* **PROBLEM DESCRIPTION**:
Your copy should run exactly from the line containing "冬日微凉的午后,鱼山科普志愿" to the last line of the entries below, and it should include no pictures.

Segment Start: RECORDS FOR THIS TASK

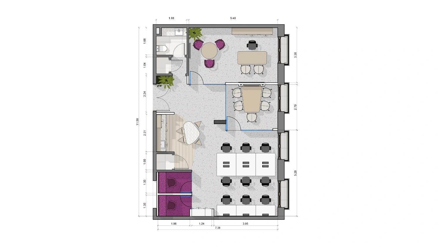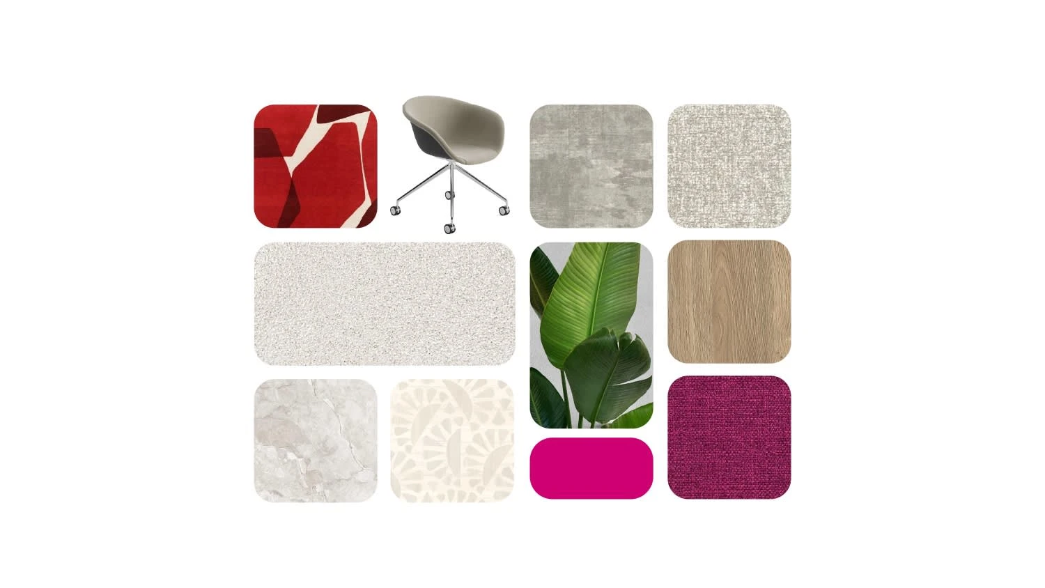 The interior design prioritizes light tones, the warmth of natural wood, and the use of magenta as a distinctive brand accent. Elements of biophilic design are incorporated to enhance employee wellbeing, while organic textures, sand-colored palettes, and noble materials add warmth and sophistication. The result is a modern space that integrates respectfully with its architectural context.
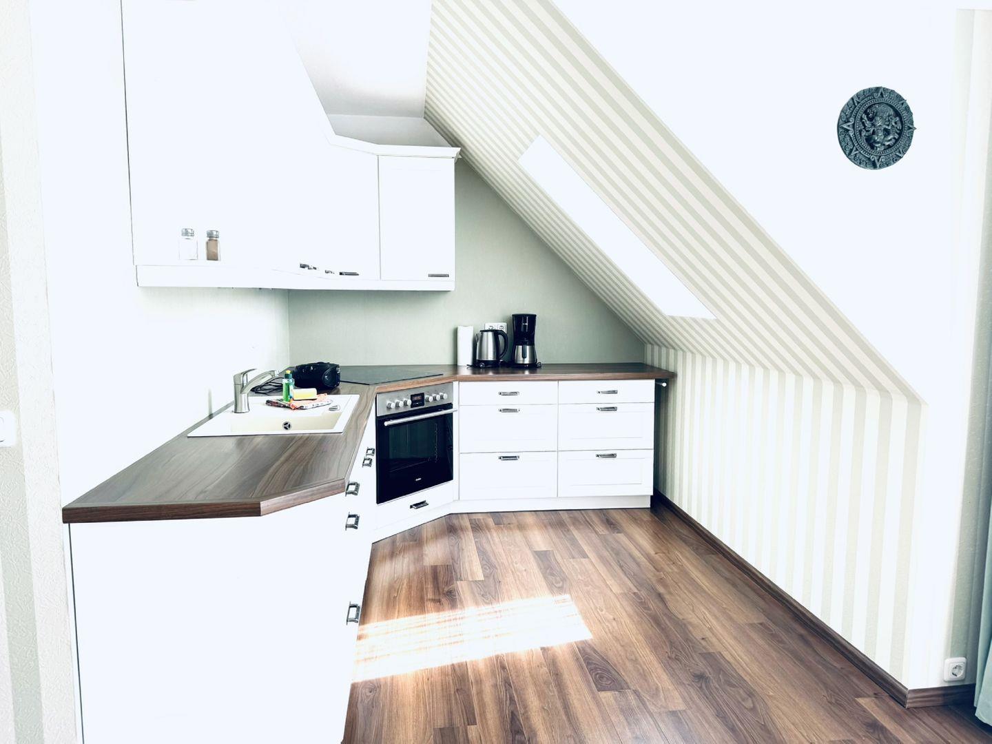 KÜCHE // offene Küche, 4-Platten Ceranfeld, Spülmaschine, Kühlschrank, Toaster, Wasserkocher, Kaffeemaschine, reichlich Besteck, Geschirr und Küchenutensilien ++
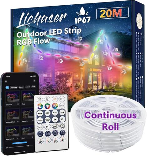 Intensieve gebruikssporen, getest en werkend, ok, bevestigingen ontbreken, Lichaser RGB+IC 20m waterdichte LED-strip voor buiten, doe-het-zelf, achtervolging, segment LED-strip, werkt met BT-app en RF-afstandsbediening voor buiten, B0CNC4DP7V
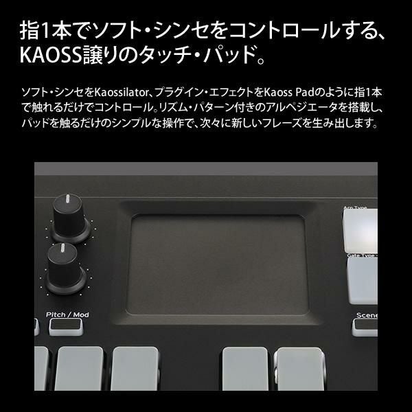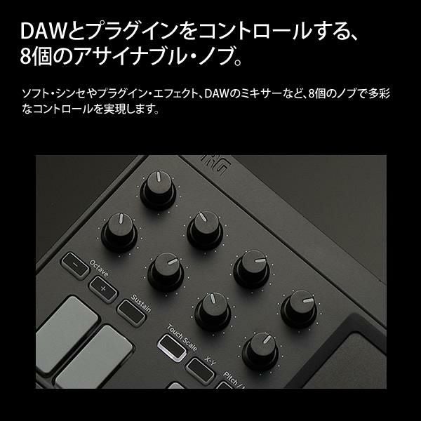 25鍵ベロシティ対応キーボード (ベロシティ・カーブ4種類)、トリガー・パッド x 8 (ベロシティ対応、ベロシティ・カーブ4種類)、ノブ x 8、X-Yパッド |
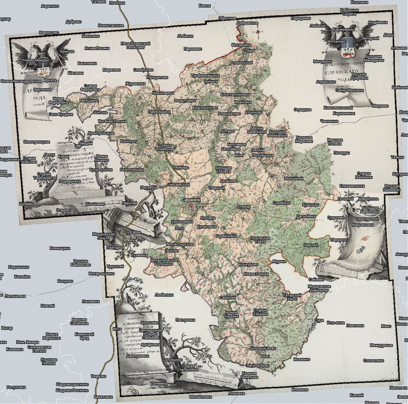 План генерального межевания Саранского уезда. Масштаб межевой карты 1:84000, двухверстовка. По данным межевания с 1798 года. На момент издания карты находился в Симбирской губернии.
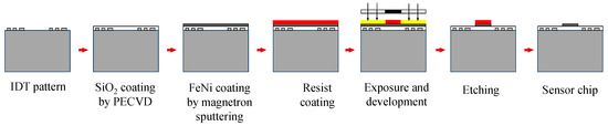 Two SAW delay lines with two photolithographically defined 100 nm Al interdigital transducers (IDTs) separated by a 2.5 mm length of propagation path were reproducibly fabricated on a same piezoelectric YZ LiNbO3 wafer. The launch and receive SPUDT pairs were set to 60 and 30, respectively. The acoustic aperture is 100λ (λ stands for the wavelength corresponding operation frequency of 150 MHz: 23.19 μm). Following the preparation of delay line patterns, a SiO2 thin film (50 nm) was deposited on the SAW device surface to protect the electrodes in process of FeNi coating by using the plasma enhanced chemical vapor deposition (PECVD). Prior to FeNi coating, the SiO2 film surface was cleaned of any contaminants by a routine cleaning procedure involving rinsing in acetone solution, a DI water rinse and drying by N2. Then, the magetostrictive FeNi film with various aspect ratio (1:1, 1.5:1 and 2:1) was deposited onto the sensing device surface by RF magnetron sputtering (JGP-560C magnetron sputtering equipment) and overlay technique from a FeNi target (nominal composition). The base pressure is 2 × 10−4 Pa. The Ar was used as the sputtering gas, and corresponding pressure is set to 1 Pa. The power density of the target was 400 V (DC) × 80 mA/p (35 mm)2. Various FeNi thicknesses (300, 500 and 700 nm) were obtained by controlling the sputtering time. The specific technological process is depicted in Figure 6. Figure 7 is the picture of the developed FeNi-coated sensor chip, and FeNi coating was indicated by the dark area. The surface morphology of FeNi coating was observed by JSM5600-Lv scanning electron microscopy (SEM) (JEOL, Tokyo, Japan), as shown in Figure 8. It can be seen that the prepared FeNi film are densely and uniformly distributed. To make the comparison, 500 nm FeCo film with aspect ratio of 2:1 was also deposited onto the similar SAW device surface to form a FeCo-coated sensor.
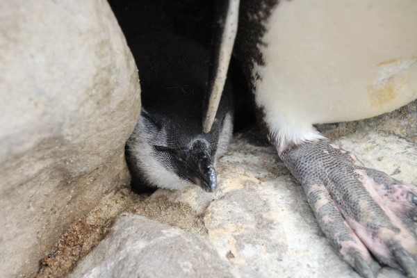 ヒナの顔にフリッパーがのっかってます。重くない?
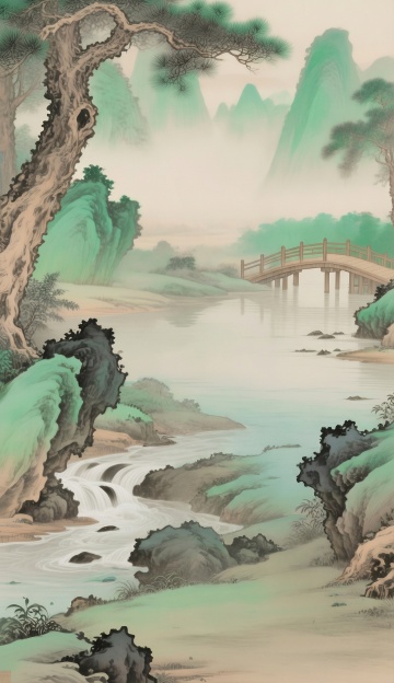 中式古典梦幻,工笔风虚拟自然,水墨意境山水画卷。
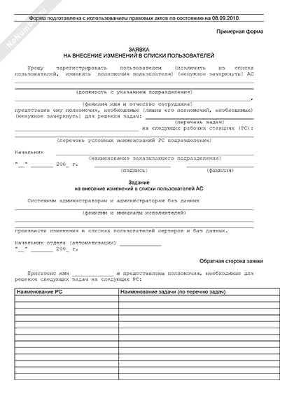 - 1054Заявка на внесение изменений в списки пользователей АС
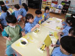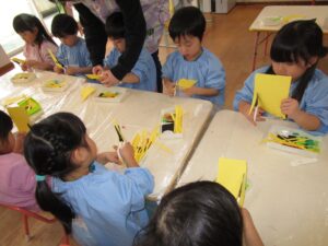 今までは先生と一緒に、数人ずつはさみを使っていましたが、だんだん扱い方に慣れてきたので、思い切って一斉に切ってみました!
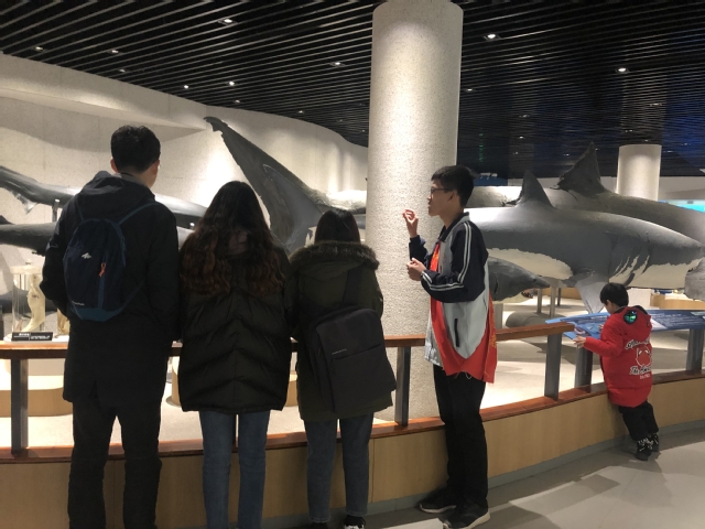 冬日微凉的午后,鱼山科普志愿者协会的同学早早地来到了师苑门口等待活动参加人员前来集合。点名集合完毕后,在黎梦、钟珺联和王晓乐同学和社团干事的带领下,大家开始步行前往青岛水族馆。到达水族馆后,负责接应的李雨霏同学已拿着海底世界的通行证在门口等候。在分发了鱼山科普志愿者协会活动纪念章以作活动参与者标识后,大家按照水母宫、标本馆、淡水生物馆的顺序进行了为时两个小时的参观。参观过程中,同学们表现出对海洋生物的强烈喜爱与好奇。在参观完水族馆后,同学们开始了为时一小时的志愿讲解。在活动举办之前,鱼山科普志愿者协会协会为参加的同学量身定制了讲解培训,同学们都对科普志愿讲解和海洋生物知识有了一定的了解,于是在社团干事的帮助下,很快适应了讲解工作,进入了积极向上的讲解状态。在讲解过程中,同学们落落大方,态度亲切,用词准确,耐心地回答了游客的问题,给游客们带来了良好的游览体验,展现了海大学子的优良精神面貌。最后在拍完合照后,大家伴着淅淅沥沥的细雨回到了学校,结束了这次参观及讲解之旅。
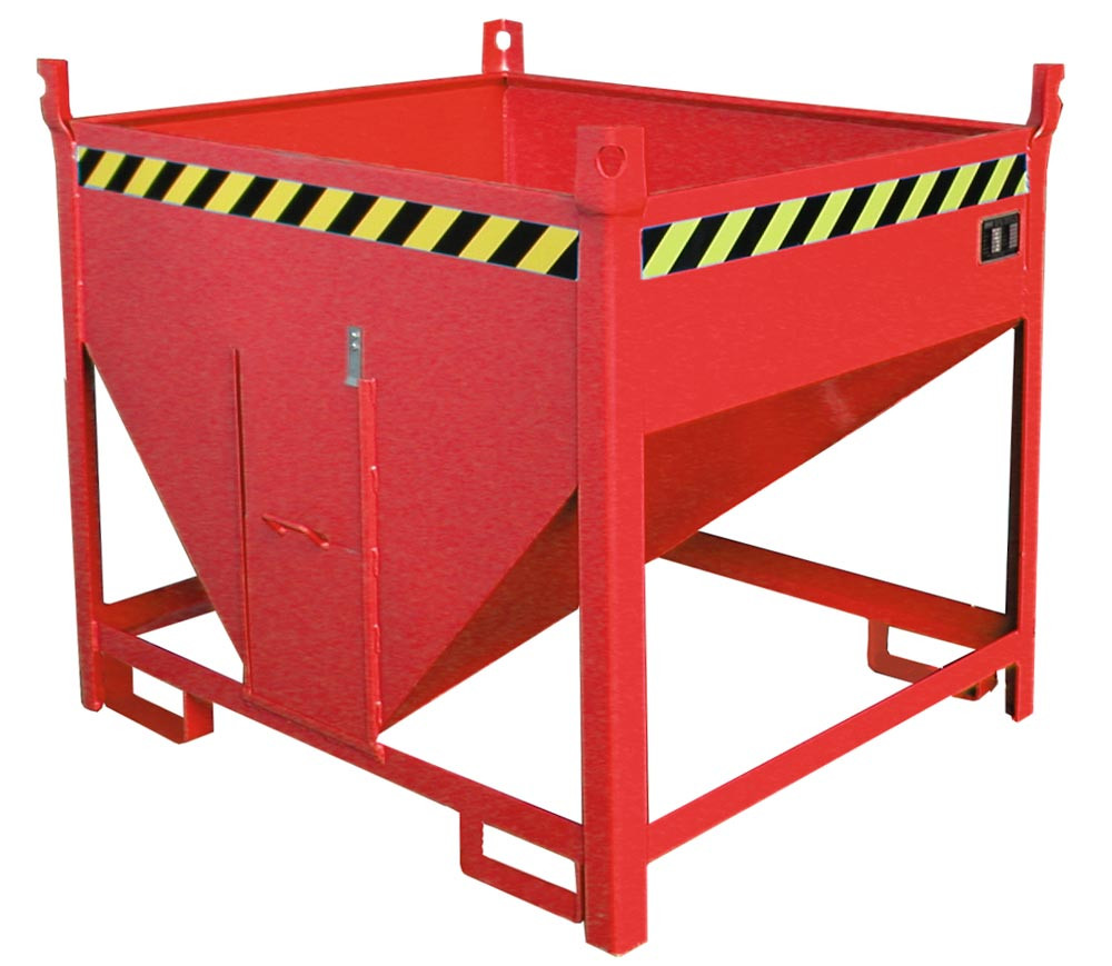 Silobehälter, LxBxH 1000x1200x1025 mm, Vol. 0,5 cbm, Traglast 750 kg, stirnseitiger Schieberverschluss, lackiert RAL 3000 feuerrot EP524992
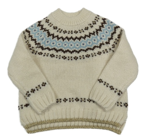 Smetanovo-hnědo-modrý vzorovaný svetr
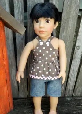 Los patrones de este atuendo se ajustarán a una muñeca American Girl, pero se pueden modificar fácilmente para una muñeca de 21 '. Agregue una pulgada o dos a la longitud de la parte de la falda en la parte superior del sol. Esto proporcionará la cobertura necesaria sobre la sección media. Los pantalones cortos de jean se pueden dejar como están, pero serán mucho más cortos en una muñeca de 21 '. Agregue una pulgada o dos a la longitud si prefiere que el dobladillo esté a la altura de la rodilla.

Segment End: RECORDS FOR THIS TASK

* **PROBLEM SOLUTION**:
 冬日微凉的午后,鱼山科普志愿者协会的同学早早地来到了师苑门口等待活动参加人员前来集合。点名集合完毕后,在黎梦、钟珺联和王晓乐同学和社团干事的带领下,大家开始步行前往青岛水族馆。到达水族馆后,负责接应的李雨霏同学已拿着海底世界的通行证在门口等候。在分发了鱼山科普志愿者协会活动纪念章以作活动参与者标识后,大家按照水母宫、标本馆、淡水生物馆的顺序进行了为时两个小时的参观。参观过程中,同学们表现出对海洋生物的强烈喜爱与好奇。在参观完水族馆后,同学们开始了为时一小时的志愿讲解。在活动举办之前,鱼山科普志愿者协会协会为参加的同学量身定制了讲解培训,同学们都对科普志愿讲解和海洋生物知识有了一定的了解,于是在社团干事的帮助下,很快适应了讲解工作,进入了积极向上的讲解状态。在讲解过程中,同学们落落大方,态度亲切,用词准确,耐心地回答了游客的问题,给游客们带来了良好的游览体验,展现了海大学子的优良精神面貌。最后在拍完合照后,大家伴着淅淅沥沥的细雨回到了学校,结束了这次参观及讲解之旅。
 Silobehälter, LxBxH 1000x1200x1025 mm, Vol. 0,5 cbm, Traglast 750 kg, stirnseitiger Schieberverschluss, lackiert RAL 3000 feuerrot EP524992
 Smetanovo-hnědo-modrý vzorovaný svetr
 Los patrones de este atuendo se ajustarán a una muñeca American Girl, pero se pueden modificar fácilmente para una muñeca de 21 '. Agregue una pulgada o dos a la longitud de la parte de la falda en la parte superior del sol. Esto proporcionará la cobertura necesaria sobre la sección media. Los pantalones cortos de jean se pueden dejar como están, pero serán mucho más cortos en una muñeca de 21 '. Agregue una pulgada o dos a la longitud si prefiere que el dobladillo esté a la altura de la rodilla.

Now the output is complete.